La
riflessione del post precedente (Religiosità popolare a Venosa e in Basilicata) ci ha introdotto al tema della religiosità
popolare, un tema comune nella letteratura teologica e sociologica
dei nostri giorni.
Ma
che significato assume l'espressione "religiosità popolare"?
Non
è facile trovare tra i testi che si interessano a questo argomento
un'accezione comune su "religiosità popolare", sia perché
questo come tema specifico è d'interesse piuttosto recente nella
trattazione degli studiosi, sia perché, comprendendo la religiosità
popolare, una realtà alquanto complessa, sfugge ad una definizione
comune.
Non
pochi per una definizione di tale religiosità partono dall'analisi
dell'aggettivo popolare.
Molti
studiosi distinguono tre possibili significati dell'aggettivo
"popolare" applicato alla religione.
A
causa di una certa ambiguità assunta sulla stampa dal termine
popolare in questo significato, difficilmente si parla di religiosità
popolare con detta connotazione.
2
- Per il secondo, "popolare" è sinonimo di tradizionale o
di folcloristico.
3
- Per il terzo, il termine può indicare la caratteristica dell'uomo
medio, dell'uomo comune, di chi non ha ricevuto una formazione
speciale né esercitata responsabilità particolari.
Per
altri studiosi ancora "popolo" o "popolare"
distinguono quanto non è ufficiale o istituzionale.
L'aggettivo
"comune" indica aspetti e caratteristiche e comportamenti
comuni a tutti; ad esempio, una usanza comune a tutti, come quella di
battezzare i neonati, è "popolare", è di tutti o "dei
più" e non solamente di pochi.
Altre
volte l'espressione può presentare una diversa accentuazione.

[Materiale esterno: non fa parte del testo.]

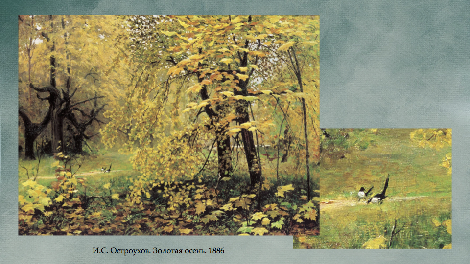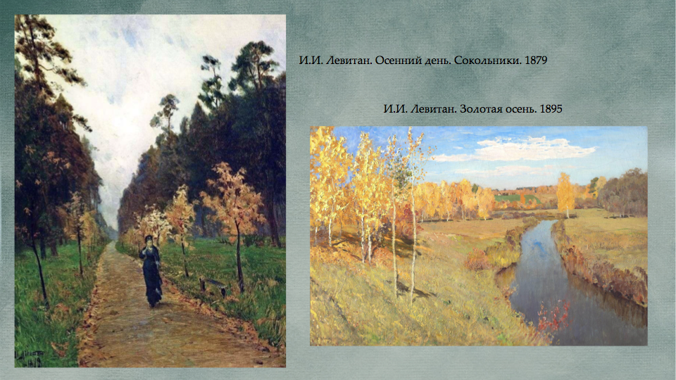Исаак Левитан – родоначальник лирического пейзажа в русской живописи. Он почти никогда не изображает людей в своих пейзажах, сами краски природы говорят о чувствах художника. Фигурку взволнованно идущей по аллее девушки в картине Левитана написал Николай Чехов, брат знаменитого писателя Антона Чехова. Самая знаменитая картина Левитана написана на тему осени, того прекрасного периода, когда деревья покрыты золотыми листьями – «Золотая осень», как ее называют в России.

"Popolo" e "popolare" caratterizzano alcuni
settori, quelli "popolari" come se si volesse dichiarare
che questa realtà "popolo" si concretizza, se non
esclusivamente almeno preferenzialmente, in tali settori.
L'interesse
antropologico vede nel "popolare" ciò che ha radici
profonde negli usi e costumi di una comunità, ciò che è nato e si
conserva proprio perché aderente a fattori genuinamente umani legati
a precisi fattori ambientali.
Il
"popolare" fa riferimento a tradizioni consolidate di tutta
una storia passata, la quale viene ripresa nel presente in sintonia
con l'anima, con i modi di sentire di un gruppo solidale di persone.
In
tale senso la religiosità popolare verrebbe a riconnettersi con
un'origine propria che è precedente appunto a tutte le religioni
storiche istituzionalizzate, verrebbe a mettersi in rapporto con un
“primum” religioso immemorabile e antipredicativo.
La
religiosità popolare, riferendosi ad una realtà alquanto complessa,
sfugge ad una caratterizzazione di tipo generico, però presenta
qualche linea generale, che è possibile scorgere nella diversità
delle sue componenti.
Prevale
in essa un aspetto devozionale, rispondente propriamente ai bisogni
psicologici sociali e culturali di ogni religione.
Difatti
ogni religione mette l'accento su quanto si riceve da Dio che
risponde ai bisogni della contingenza umana: bisogno di protezione,
di favori e di grazie, bisogno di sperimentare la prossimità di
questa protezione in riti, simboli, devozioni particolari.
Di
qui la sua complessità, i suoi paradossi, la sua tendenza a
sopravvalutare le “credenze religiose", la sua resistenza al
cambiamento.
Contiene
un profondo senso di Dio e della sua provvidenza, fino a giungere ad
un certo fatalismo.
Dio
viene incontrato soprattutto nel culto, nei riti e nelle cose sacre,
di qui la considerazione che si dà delle benedizioni, delle
immagini, dei luoghi, delle candele, dell'acqua benedetta e di altri
simboli.
La
morte conserva un profondo significato religioso; esiste un vero e
serio culto dei morti, unito alla certezza dell'aldilà.
Cristo,
Maria e i santi sono visti più come potere che come imitazione.
Gesù
stesso, agli effetti 'di questo potere, molte volte, è un santo fra
gli altri.
In
essi si cercano lo straordinario e la risposta ai propri bisogni.